I hadn’t quite gotten over the horrible cold this weekend, and have had to spend most of my time looking after children. So today’s post will be a short one. I’m looking at a very basic data compression technique frequently used in many older micro-computers of the 80′s to store level information and graphics for games.
The technique is called Run-length encoding (often called RLE), it takes advantage of repetition in data to reduce the storage requirement. It used to be a common compression technique for encoding graphics, but can be used effectively to encode level data or anything that has repeating data in it. The GIF image format is a well known example that uses the technique.
The encoding algorithm is very simple, you simply encode runs of data (repeated identical data) as the number of repetitions and a copy of the data. So if you had data that looked like this aaaaabbbbcaaa it could be encoded as a5b4c1a3. The trouble with this scheme is the worst case scenario (different data every byte) can actually increase the file size significantly, in some cases resulting in a larger file than uncompressed. You can avoid this scenario by encoding the start of a run as repeated characters with single characters representing themselves. This results in the previous data being encoded as aa5bb4caa3 which goes to show that even that technique has its downside.

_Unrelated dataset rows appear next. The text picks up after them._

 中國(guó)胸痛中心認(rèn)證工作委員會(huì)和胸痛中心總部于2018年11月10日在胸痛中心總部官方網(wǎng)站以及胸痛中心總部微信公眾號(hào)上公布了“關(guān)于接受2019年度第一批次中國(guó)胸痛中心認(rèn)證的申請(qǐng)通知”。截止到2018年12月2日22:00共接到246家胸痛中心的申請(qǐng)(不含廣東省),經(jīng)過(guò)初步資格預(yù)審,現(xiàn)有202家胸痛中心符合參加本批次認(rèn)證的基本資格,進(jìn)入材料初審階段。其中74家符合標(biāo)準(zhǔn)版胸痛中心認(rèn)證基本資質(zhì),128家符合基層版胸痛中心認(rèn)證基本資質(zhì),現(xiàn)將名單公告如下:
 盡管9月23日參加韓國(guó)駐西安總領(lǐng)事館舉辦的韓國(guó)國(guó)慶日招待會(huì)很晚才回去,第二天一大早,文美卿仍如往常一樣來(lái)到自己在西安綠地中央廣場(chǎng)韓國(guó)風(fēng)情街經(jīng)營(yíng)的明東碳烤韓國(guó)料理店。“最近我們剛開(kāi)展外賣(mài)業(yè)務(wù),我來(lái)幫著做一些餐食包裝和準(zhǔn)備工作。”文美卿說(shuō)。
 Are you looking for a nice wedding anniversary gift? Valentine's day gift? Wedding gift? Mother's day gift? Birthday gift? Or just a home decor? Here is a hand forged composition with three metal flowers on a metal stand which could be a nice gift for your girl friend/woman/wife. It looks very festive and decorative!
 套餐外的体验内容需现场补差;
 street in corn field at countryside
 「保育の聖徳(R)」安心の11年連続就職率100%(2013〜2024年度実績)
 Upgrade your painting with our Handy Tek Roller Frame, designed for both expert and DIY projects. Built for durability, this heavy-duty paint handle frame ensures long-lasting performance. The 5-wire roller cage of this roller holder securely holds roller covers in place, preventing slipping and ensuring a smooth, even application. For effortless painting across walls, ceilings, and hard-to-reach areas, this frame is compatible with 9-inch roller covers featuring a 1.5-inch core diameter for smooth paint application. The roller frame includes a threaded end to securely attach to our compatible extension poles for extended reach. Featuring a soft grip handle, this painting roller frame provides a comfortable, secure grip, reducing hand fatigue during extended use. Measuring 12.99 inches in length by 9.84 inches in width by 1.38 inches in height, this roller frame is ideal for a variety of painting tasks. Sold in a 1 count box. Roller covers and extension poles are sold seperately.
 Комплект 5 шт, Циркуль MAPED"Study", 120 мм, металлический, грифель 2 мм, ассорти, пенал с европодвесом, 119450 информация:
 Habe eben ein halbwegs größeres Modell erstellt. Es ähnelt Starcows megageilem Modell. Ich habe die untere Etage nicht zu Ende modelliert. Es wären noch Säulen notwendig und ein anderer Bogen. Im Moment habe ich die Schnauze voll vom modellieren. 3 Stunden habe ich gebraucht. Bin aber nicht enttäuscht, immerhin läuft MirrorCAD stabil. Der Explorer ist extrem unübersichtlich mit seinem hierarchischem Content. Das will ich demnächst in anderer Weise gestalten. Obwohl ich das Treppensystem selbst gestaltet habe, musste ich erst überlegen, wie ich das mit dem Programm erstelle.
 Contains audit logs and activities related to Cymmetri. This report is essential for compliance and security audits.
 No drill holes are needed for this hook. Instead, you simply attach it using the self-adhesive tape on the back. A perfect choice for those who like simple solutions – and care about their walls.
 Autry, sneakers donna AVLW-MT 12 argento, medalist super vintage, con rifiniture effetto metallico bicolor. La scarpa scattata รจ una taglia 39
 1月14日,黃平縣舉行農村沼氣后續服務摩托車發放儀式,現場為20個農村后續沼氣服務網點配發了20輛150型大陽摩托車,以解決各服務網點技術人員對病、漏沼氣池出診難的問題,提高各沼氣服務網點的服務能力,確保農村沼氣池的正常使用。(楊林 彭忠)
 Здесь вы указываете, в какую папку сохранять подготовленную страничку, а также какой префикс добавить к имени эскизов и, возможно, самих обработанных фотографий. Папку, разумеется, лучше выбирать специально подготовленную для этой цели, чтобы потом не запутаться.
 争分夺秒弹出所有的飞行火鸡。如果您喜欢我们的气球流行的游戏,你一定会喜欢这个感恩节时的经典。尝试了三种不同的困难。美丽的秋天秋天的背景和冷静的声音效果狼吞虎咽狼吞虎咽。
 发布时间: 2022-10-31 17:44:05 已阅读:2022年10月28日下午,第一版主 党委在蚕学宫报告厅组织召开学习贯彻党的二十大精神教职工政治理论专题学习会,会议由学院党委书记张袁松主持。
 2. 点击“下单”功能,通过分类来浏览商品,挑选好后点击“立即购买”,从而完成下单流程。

I wrote up a quick implementation in pascal as an example and used it to compress some data files from my DOS platform game, Bob’s Fury. The first two data files I tried were the graphics data files which you can see compressed quite well, this is because there are many long runs of the same colour pixels. The third data file takes it to the extreme, it is a level data file that is pretty much one big long run of empty spaces, it compresses to an impressively small size. The fourth data file is normal level data (albeit a much larger level), it is much like the graphics data in that there are many runs, but it has some data at the end which does not compress well resulting in a worse ratio. The last file in the table is actually an ASCII map file detailing the contents of the executable for the game, it is useful in determining where errors are in the code, but this clearly shows that ASCII data is unsuitable for this compression technique, it resulted in a much larger file!